«Sono una gazzella che sa diventare un leone» Howe: «È finito il tempo di esser preda. Mi farò un tatuaggio e ci scriverò perseveranza»

da Osaka

Si farà un tatuaggio sul corpo. «Ci scriverò: perseveranza. È la mia parola chiave», racconta Andrew Howe. Ha passato metà della notte a casa Italia tra feste e sogni, dopo aver infilato la medaglia d’argento al collo. All’alba («Erano le tre») è andato a dormire e si è svegliato a mezzogiorno. Poi tutto di fretta: una premiazione del Laureus, davanti ai vertici dirigenziali della Iaaf, la federazione internazionale, una stretta di mano con Donald Thomas, il saltatore in alto delle Bahamas ex giocatore di basket, un incontro gestito dalla Nike, lo stesso sponsor dell’Inter. Da qui il pasticciaccio sul suo tifo dopo un incontro a Brunico. «È mia madre che tifa Inter. Io ho una forte simpatia per Mancini, che ammiravo tantissimo da calciatore quando giocava nella Lazio».
A Osaka, Andrew si è scoperto campione autentico, non è più l’adolescente che sognava di emulare Carl Lewis. «Credo che quella fase sia finita già l’anno scorso quando ho vinto gli Europei - dice Howe - e adesso devo capire se, rispetto ai miei avversari, sono ancora preda o cacciatore. Diciamo che mi sento una gazzella, che si alza e sa che dovrà correre più veloce del leone. Però in una situazione come quella di ieri, quando bisogna dare tutto all’ultimo salto, mi sento anch’io una bestia feroce».
Per il momento è una preda sulla quale si sono affannati molti politici.

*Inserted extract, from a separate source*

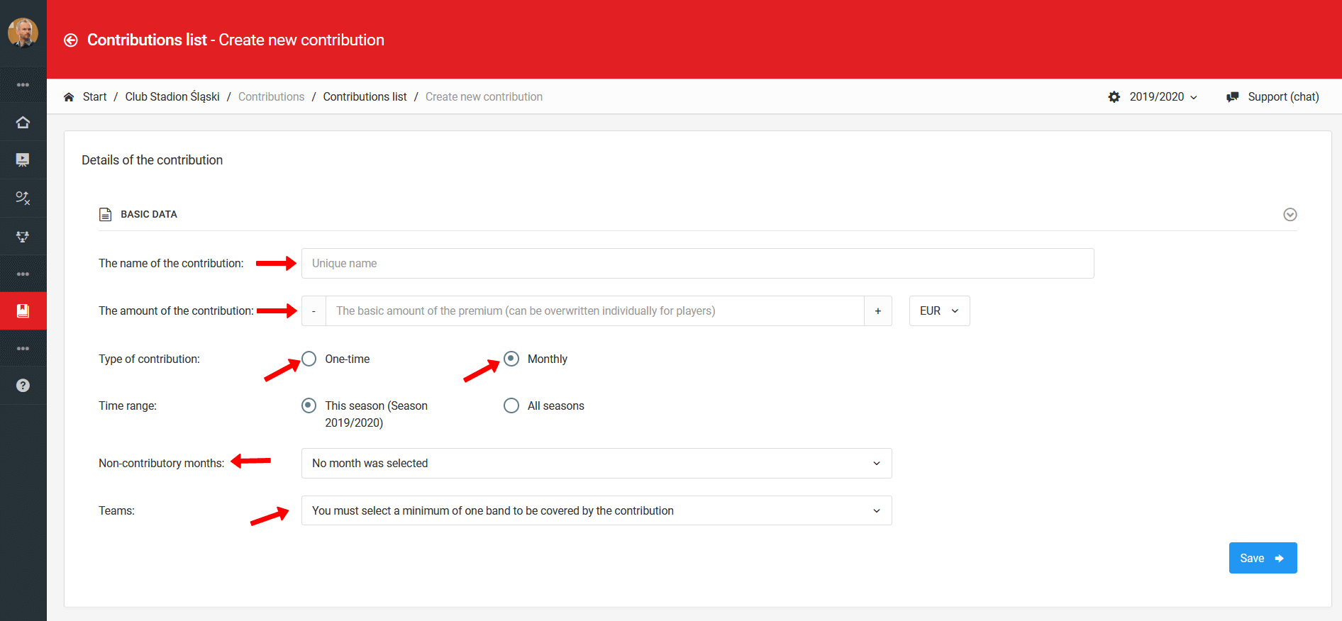 Sistem omogoča ustvarjanje dveh vrst prispevkov: enkraten prispevek in mesečni prispevki. Pred ustvaritvijo prispevkov je dobra vaja, da izpolnite proces postavitve seznama igralcev za vsako ekipo in da ustvarite aktivno sezono za vse ekipe. Brez ustvarjene sezone ne boste mogli prispevka pripisati ekipi. Ustvarjanje prispevka je možno hkrati s stopnje trenerja kot upravnika klubskega računa. Če prispevek ustvarite kot trener, ga lahko dodelite le ekipi, ki jo vodite. Če to naredite kot administrator, lahko ustvarite prispevek za vse ekipe hkrati. Da nadaljujete z ustvarjanjem prispevka kot trener, iz levega menija izberite dnevnik prispevki ustvari nov prispevek. Če želite ustvariti prispevek kot administrator, iz levega menija izberite klub prispevki ustvari nov prispevek.

Con auguri e complimenti. È bello salire sul carro del quasi vincitore. Molti amici, invece, non sono riusciti a fargli i complimenti. «So che ce ne sono stati molti da parte dei politici - dice Andrew - e spero siano stati sinceri. Di sicuro conosco Veltroni e tra noi c’è stima. Andammo insieme a Nairobi nel 2001 per promuovere la candidatura di Roma (per i mondiali 2005 poi assegnati a Helsinki n.d.r.) e feci ridere tutti perché gli chiesi se era di destra o di sinistra: la verità è che io di politica non capisco nulla».

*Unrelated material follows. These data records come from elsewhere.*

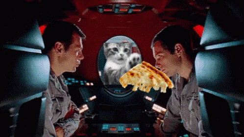 Paglalarawan ng Content: two men are sitting in a spaceship with a cat looking out the window and a piece of pizza in front of them .
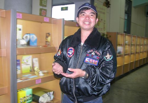 色,臨時找認識的遊客洽商出讓紀念卡給他,他如獲至寶一再道謝,
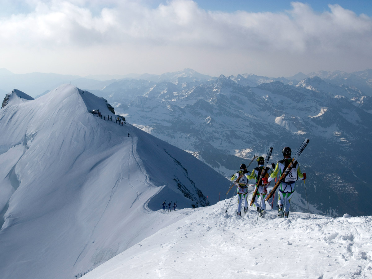 La famosa “maratona dei ghiacciai” del Monte Rosa, da Breuil-Cervinia a Gressoney-la-Trinité, chiude la stagione delle gare internazionali di scialpinismo ed è prova unica di Campionato Mondiale ISMF Long Distance e finale di La Grande Course, il circuito delle gare scialpinistiche più esclusive di tutto l’arco alpino e della Cordigliera Pirenaica.
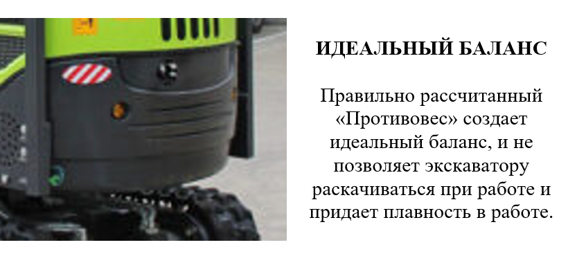 Противовес — Правильно рассчитанный «Противовес» создает идеальный баланс, и не позволяет экскаватору раскачиваться при работе и придает плавность в работе.

Oggi Howe è un cittadino del mondo, entrato nella nuova generazione dei campioni del lungo, quella che con Saladino, di soli due anni più vecchio (22 contro 24), ha preso il posto che era di statunitensi e cubani. «Ma gli altri non andranno in pensione - ride -: penso che presto Mokoena cercherà di prendersi la rivincita. Diciamo che adesso è il momento dei latini. Io ho il vantaggio di aver dentro il gusto per il salto: per me è ancora un divertimento». Ha dentro salti e musica, il prossimo anno vorrebbe fare un tour d’Europa con la sua band.
Invece questa medaglia, frutto prima di tutto del talento, è merito di chi? Di mamma Renée e non della federazione, come dice Evangelisti? «Di entrambi», risponde lui. «Mamma ha scelto l’Italia perché così è andata la sua vita, ma da quando gareggio la federazione mi è sempre stata molto vicina». Ognuno coltiva l’orto a modo suo. E la federazione ha frutti ben grami. Figurarsi se non si tien stretto il cocco.
Ora tutto è pronto per il ritorno a Rieti.

Howe toglierà la tuta e rimetterà i panni del batterista scatenato dei Craiving, il gruppo con cui ha già inciso un cd: «Sono fermo da tanto, va a finire che sfondo la batteria». Ma per il futuro non mancano le speranze. Andrew ne ha tre, ben precise: «Diventare il più grande batterista al mondo, vincere qualcosa a Pechino e vedere la mia Lazio almeno nelle semifinali di Champions».